**Work instruction**.
In the records below, begin at the line that has "Мастильний пістолет бренду" and stop after the line that has "2025年12月現在の配置 ブランコ(2連) ジャ…ジャングルジム"; quote those lines verbatim and nothing more.

**Supplied material**.
* * * *

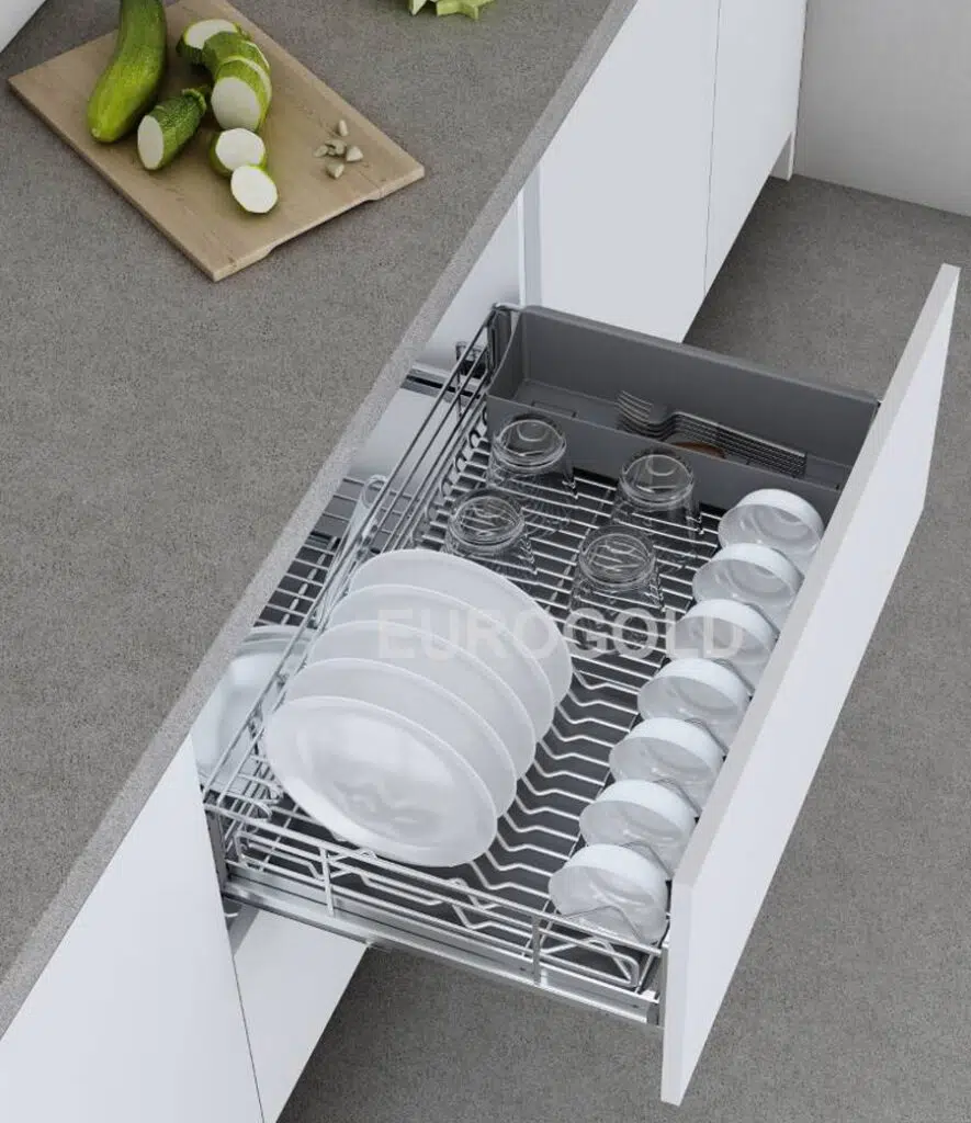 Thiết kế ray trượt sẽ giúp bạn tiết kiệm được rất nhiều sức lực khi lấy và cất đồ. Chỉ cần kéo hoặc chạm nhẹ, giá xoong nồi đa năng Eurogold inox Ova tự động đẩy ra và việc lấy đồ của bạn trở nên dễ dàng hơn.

* * * *

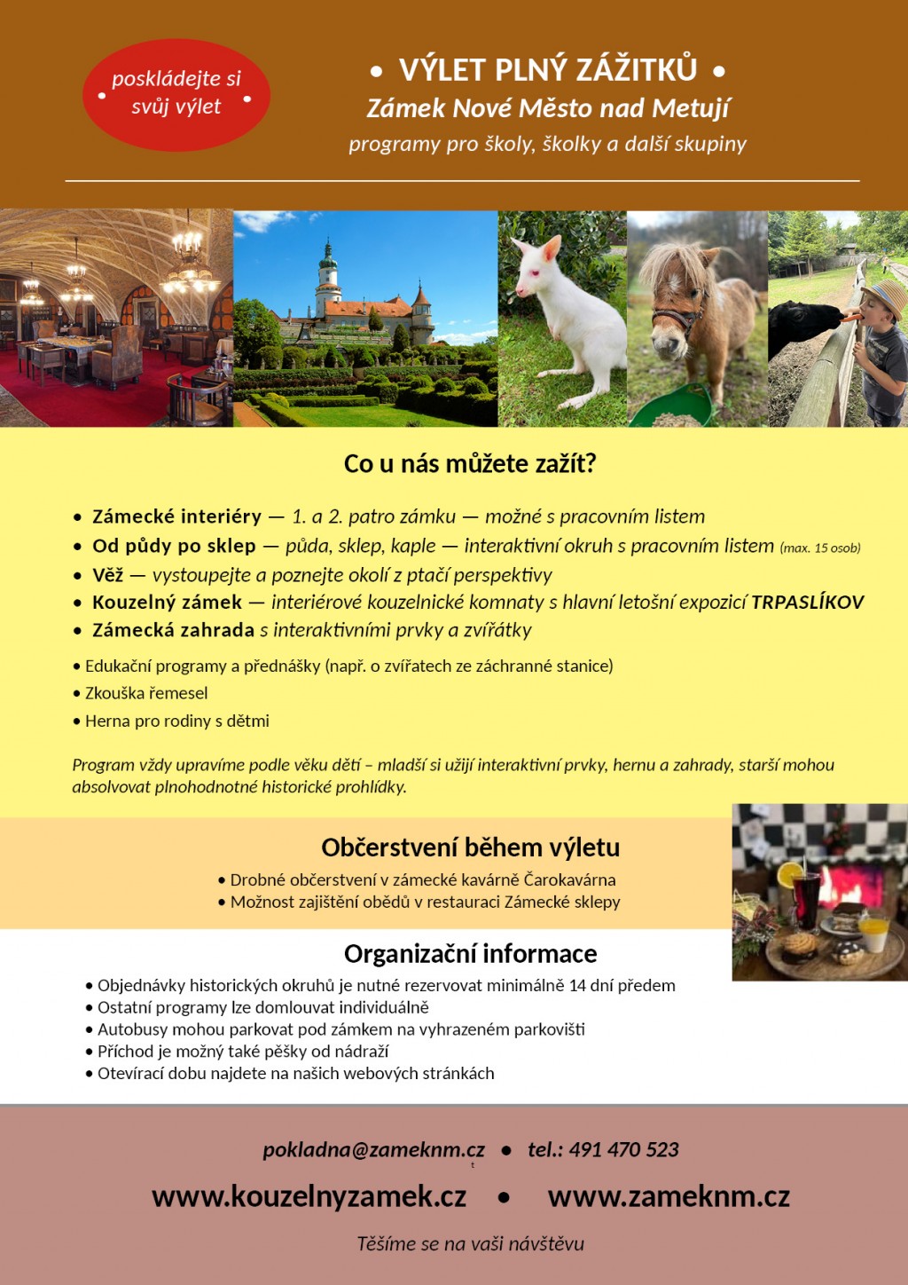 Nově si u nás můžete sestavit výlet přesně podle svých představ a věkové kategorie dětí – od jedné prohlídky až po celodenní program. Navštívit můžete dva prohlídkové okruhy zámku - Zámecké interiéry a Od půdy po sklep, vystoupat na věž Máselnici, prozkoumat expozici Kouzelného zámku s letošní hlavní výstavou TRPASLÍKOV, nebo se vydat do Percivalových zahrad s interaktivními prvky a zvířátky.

* * * *

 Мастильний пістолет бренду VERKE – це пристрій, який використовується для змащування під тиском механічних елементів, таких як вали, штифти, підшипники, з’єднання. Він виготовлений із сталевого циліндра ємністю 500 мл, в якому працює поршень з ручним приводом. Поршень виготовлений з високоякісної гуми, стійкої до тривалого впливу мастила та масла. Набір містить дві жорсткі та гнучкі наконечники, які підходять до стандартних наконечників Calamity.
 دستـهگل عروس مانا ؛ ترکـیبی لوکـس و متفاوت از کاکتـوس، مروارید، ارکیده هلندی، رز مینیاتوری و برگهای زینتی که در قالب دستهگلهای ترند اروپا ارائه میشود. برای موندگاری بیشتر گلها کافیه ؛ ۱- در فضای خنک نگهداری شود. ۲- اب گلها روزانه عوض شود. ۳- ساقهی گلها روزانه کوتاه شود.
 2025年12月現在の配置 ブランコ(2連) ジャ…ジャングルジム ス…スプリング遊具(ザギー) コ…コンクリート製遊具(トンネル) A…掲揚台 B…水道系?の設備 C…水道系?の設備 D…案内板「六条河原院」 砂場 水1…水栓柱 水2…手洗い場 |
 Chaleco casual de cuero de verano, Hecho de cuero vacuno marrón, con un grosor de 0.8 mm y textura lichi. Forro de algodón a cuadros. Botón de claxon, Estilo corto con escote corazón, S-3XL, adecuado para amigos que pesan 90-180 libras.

* * * *

**Response to the exercise**.
 Мастильний пістолет бренду VERKE – це пристрій, який використовується для змащування під тиском механічних елементів, таких як вали, штифти, підшипники, з’єднання. Він виготовлений із сталевого циліндра ємністю 500 мл, в якому працює поршень з ручним приводом. Поршень виготовлений з високоякісної гуми, стійкої до тривалого впливу мастила та масла. Набір містить дві жорсткі та гнучкі наконечники, які підходять до стандартних наконечників Calamity.
 دستـهگل عروس مانا ؛ ترکـیبی لوکـس و متفاوت از کاکتـوس، مروارید، ارکیده هلندی، رز مینیاتوری و برگهای زینتی که در قالب دستهگلهای ترند اروپا ارائه میشود. برای موندگاری بیشتر گلها کافیه ؛ ۱- در فضای خنک نگهداری شود. ۲- اب گلها روزانه عوض شود. ۳- ساقهی گلها روزانه کوتاه شود.
 2025年12月現在の配置 ブランコ(2連) ジャ…ジャングルジム ス…スプリング遊具(ザギー) コ…コンクリート製遊具(トンネル) A…掲揚台 B…水道系?の設備 C…水道系?の設備 D…案内板「六条河原院」 砂場 水1…水栓柱 水2…手洗い場 |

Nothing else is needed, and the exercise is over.